If you stick to the left and right sides of the three-column menu, you’re in familiar oyster bar and chicken shack territory: oysters, hushpuppies, and fried clams on the left, fried chicken, fried fish, and a couple of sandwiches on the right. The middle column, though, offers a slate of novelties labeled “Smaller” that you’re not likely to find at old school places like Casamento’s in New Orleans or Prince’s Hot Chicken in Nashville.
These creations of Chef Ari Kolender —another Ordinary alum — include charred radicchio with yogurt dressing ($11), grilled sweet corn with Old Bay butter ($8), and an heirloom tomato salad with peaches, tofu cream, and sherry vinegar ($12). The black-eyed pea salad ($6) is quite delicious, the peas fresh and firm and laced with tangy sparks from bits of pickled onion, celery, and peppers. You can make them even better with a dose of Sous Chef Geoff Rhyne’s delicious homemade hot sauce, a bottle of which (along with Louisiana Crystal and green Tabasco) awaits at each table.
The Siam salad ($9 small/$15 large) is one of those dishes whose first bite makes you say “wow.” It’s a bowl of Napa cabbage tossed with sliced avocado and oranges, peanuts, fried shallots, and plenty of fragrant herbs — a great blend of fresh textures and Thai-inspired flavors.
The small selection of sandwiches are well-executed, too. A fried fish sandwich ($13) comes on a spherical sesame-topped roll that’s been lightly toasted on the grill, and it’s dressed with iceberg lettuce, a slice of tomato, and Duke’s mayo. The shrimp roll ($13) tucks cool shrimp salad inside a thick slice of soft bread that’s been grilled on both sides then split open lengthwise along the top. I’m not sure the shards of potato chip strewn across it really add much, but everything else is in a spot-on balance: cool shrimp in a creamy dressing with a burst of horseradish and lots of floral herbs popping through.

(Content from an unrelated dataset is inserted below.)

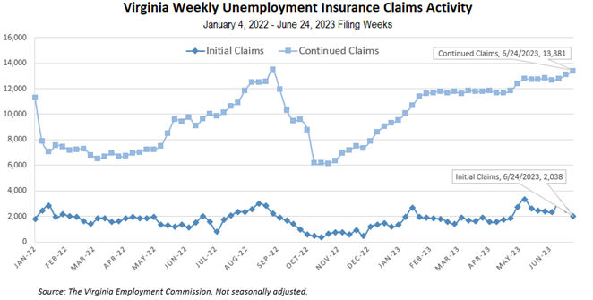 RICHMOND—The Virginia Employment Commission (VEC) announced today that the number of initial claims decreased in the latest filing week to 2,038 and remained at the typical pre-Pandemic volumes experienced in 2019.

The first time I ate at Leon’s, I sat alone at the small bar in the back near the pass window that opens into the kitchen. As I dabbed the fried chicken grease from my fingers, I contemplated the artfully composed decor around me. What is this place? I wondered. Is it a chicken and oyster shack, or is it fine dining?
And then the bill came. As I was calculating the tip (and the check was large enough to require a two-digit one), I heard from somewhere back in the kitchen, “See you tomorrow, chef.” Yeah, I thought, this is a fine-dining spot.
But that’s no knock on Leon’s. They have picked their genre, and while the blend of high and low is a definite culinary mash-up, they execute it flawlessly. The core offering of chicken and oysters is quite superb, and the Smallers are pretty impressive, too. The service is friendly and efficient, and, though highly stylized, the setting is quite comfortable and relaxing.
In fact, Leon’s seems to perfectly embody the spirit of our dining times — an abandonment of formality, a spanking new decor that’s artfully and carefully crafted to appear faded and rustic, the most humble of dishes executed with the same attention to detail that chefs once gave to their foams and demi-glace.
If we’re going to ditch our coats and ties and continue this long slouch toward informality, I suppose we could do worse than eating char-grilled oysters and crispy fried chicken while sipping craft beers. And Leon’s is just the place for that.